Все это происходило в том самом ресторанчике, сразу после ухода Витцке, которого люди Риекко отвезли в гостиницу.
– То есть, целью убийцы был не я? Он хотел отомстить Алексею?
– Да, господин оберштурмбаннфюрер. Он тоже чекист. Воспитывал Витцке последние полгода, когда тот учился в секретной школе. Так можно сказать. Наведывался каждую неделю, следил за его успехами. Побег Витцке он принял близко к сердцу. Расценил предательством не только перед партией, но и лично перед ним.
Эско говорил уверено, чётко, глядя Мюллеру прямо в его блеклые рыбьи глаза. Начальник сыскной полиции знал, что Алексей уже рассказал эту версию немцу. Они ее вместе придумали, Эско и русский перебежчик, чтоб оправдать желание Риекки поехать в Берлин.

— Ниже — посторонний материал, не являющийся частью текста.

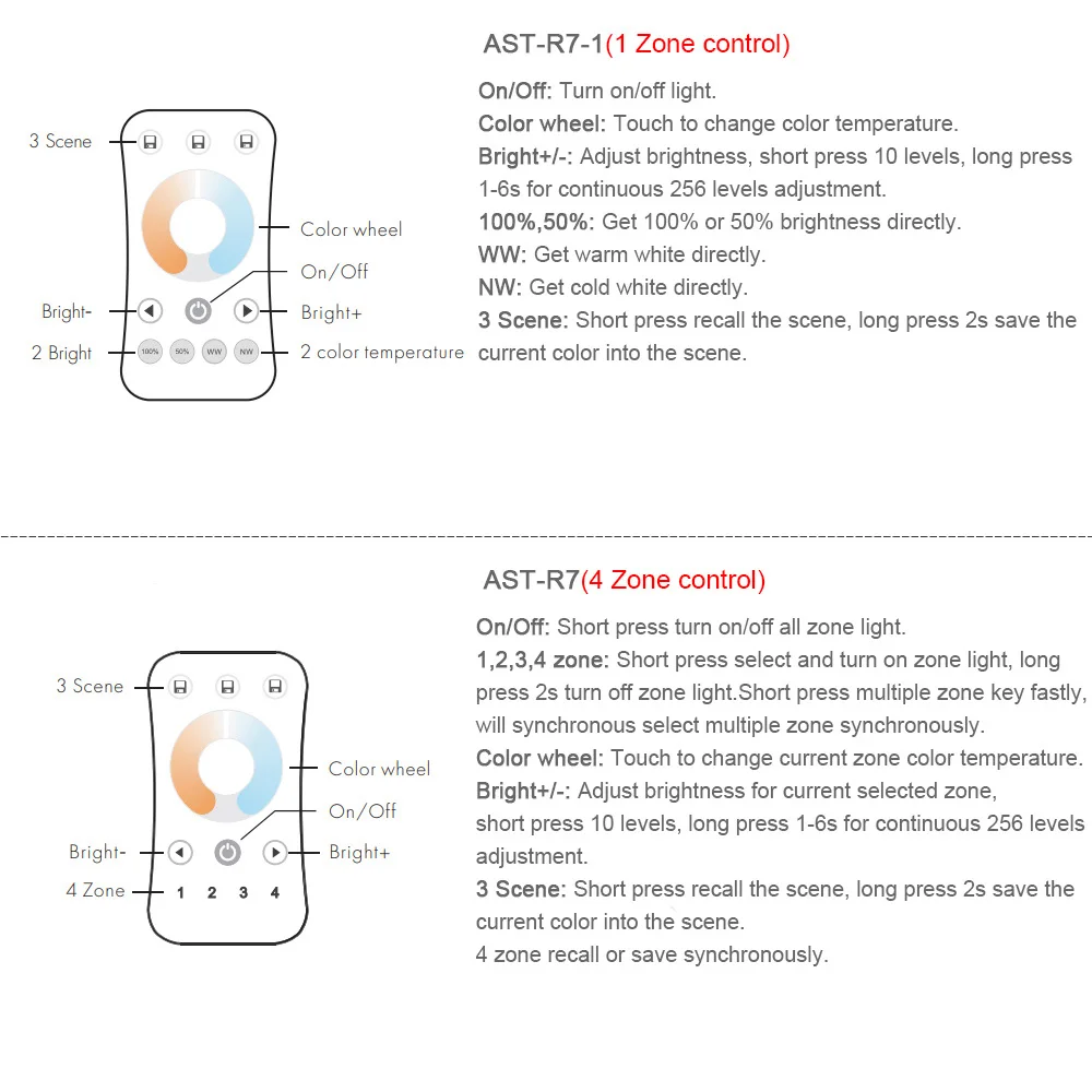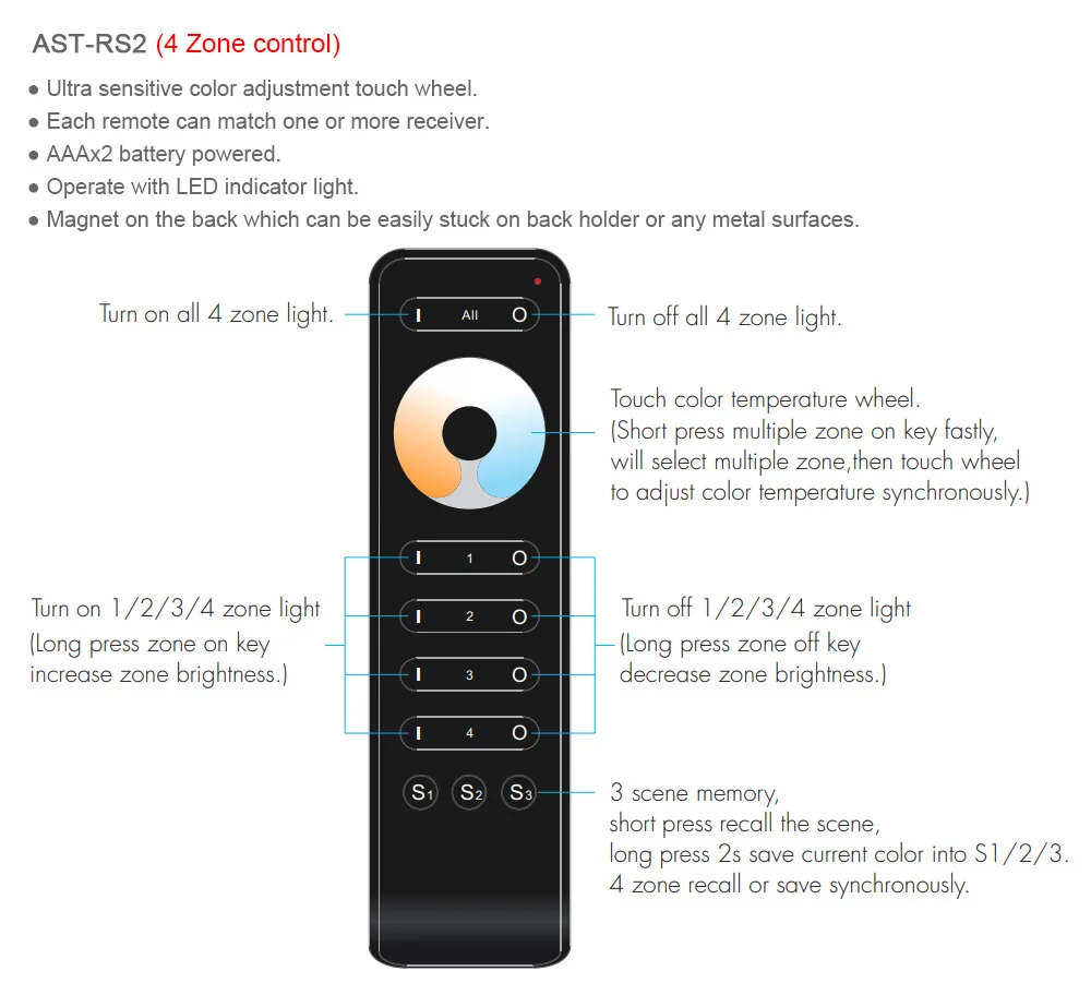 4 зоны управления (AST-RT7/AST-R7/AST-RS2)
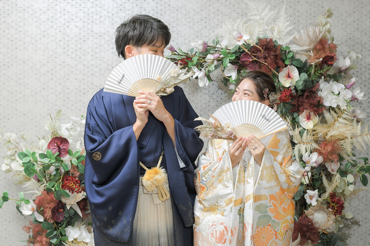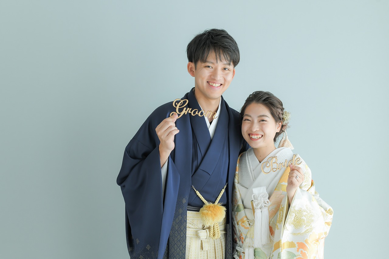 新婦様のお衣裳1点につき、3つまで撮影小物をお持込みいただけます。シンプルな背景をバックに、さりげなくお二人らしさを演出しました。
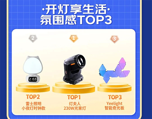 “開燈享生活·氛圍感TOP 3”分別為:燈夫人230W光束燈、雷士照明小夜燈時鐘款、Yeelight智能奇光板。
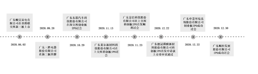 順德2020年8家新增境內(nèi)外上市(含過會)企業(yè)時間線。(央廣網(wǎng)記者 夏燕 制圖)
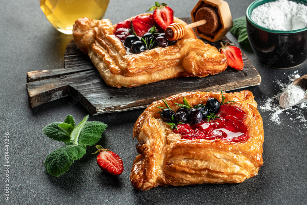 danish pastry with strawberry and honey on a dark background. banner, menu, recipe place for text, top view
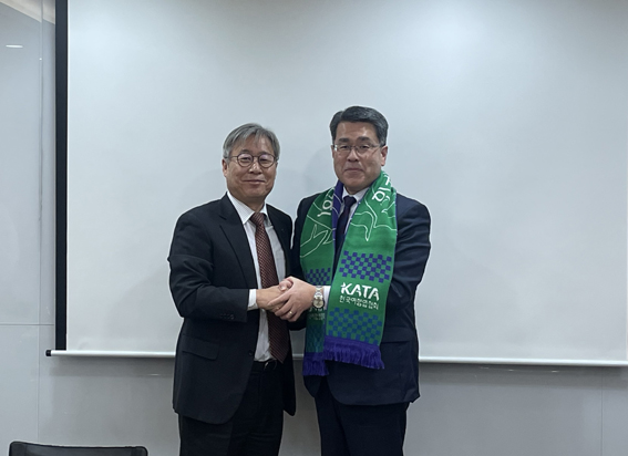 이진석 한국여행업협회 회장(왼쪽)과 후지시로 요시노리 후쿠시마현 관광교류국장(오른쪽)이 지난 2월 12일 KATA에서 간담회를 개최하고, 청주–후쿠시마 간 전세기 취항과 양국 관광 교류 확대 방안을 논의하고 기념사진을 촬영하고 있다.

В общем, оберштурмбаннфюрер согласился, что присутствие начальника сыскной полиции в данном случае имеет смысл и его цели вполне понятны. Особенно на фоне случившегося скандала с военной разведкой.
Кстати, военная разведка… Это второй пункт, по которому у Витцке не должно быть плохого настроения. Господин Риекки искренне был благодарен русскому за Осмо Куусари.
Когда Алексея появился в растрёпанном виде в гостинице и потребовал срочно доложить начальнику сыскной полиции о случившемся, началась суета. Благо, сам Риекки, ожидая итога от Витцке, находился неподалёку. Правда, итог должен был касаться Клячина, но то, что вышло по факту, тоже имело большое значение.
Люди Риекки сразу же отправились на указанное русским место и действительно нашли там Куусари, валявшегося в отключке. Дальше уже постарался сам Эско. Военной разведке пришлось туго. Они были вынуждены не только принести извинения за поступок полковника в отставке, но и наказать его друзей, с которыми тот задумал подвести Эско под монастырь. Естественно, главное действующее лицо осталось снова в тени, но с ним Риекки разберётся по возвращению.
– Ну что? Идём? – Алексей, не обращая внимания на задумчивое состояние начальника сыскной полиции, легонько толкнул его в бок, затем перекинул чемодан в другую руку и направился к самолету.
Эско несколько секунд смотрел в спину Витцке. Отчего-то господину Риекки сильно в эту минуту хотелось развернуться и пойти совершенно в другую сторону.
Однако он собрал волю в кулак и двинулся вслед за русским. Чертов сон упорно не отпускал начальника сыскной полиции Финляндии. А вместе с воспоминаниями о сне не отпускало и состояние холодного липкого предчувствия, возившегося внутри.
Глава 1: В которой происходят всякие странности
Ненавижу местные самолёты. Это не средство передвижения, это какой-то особый вид пытки.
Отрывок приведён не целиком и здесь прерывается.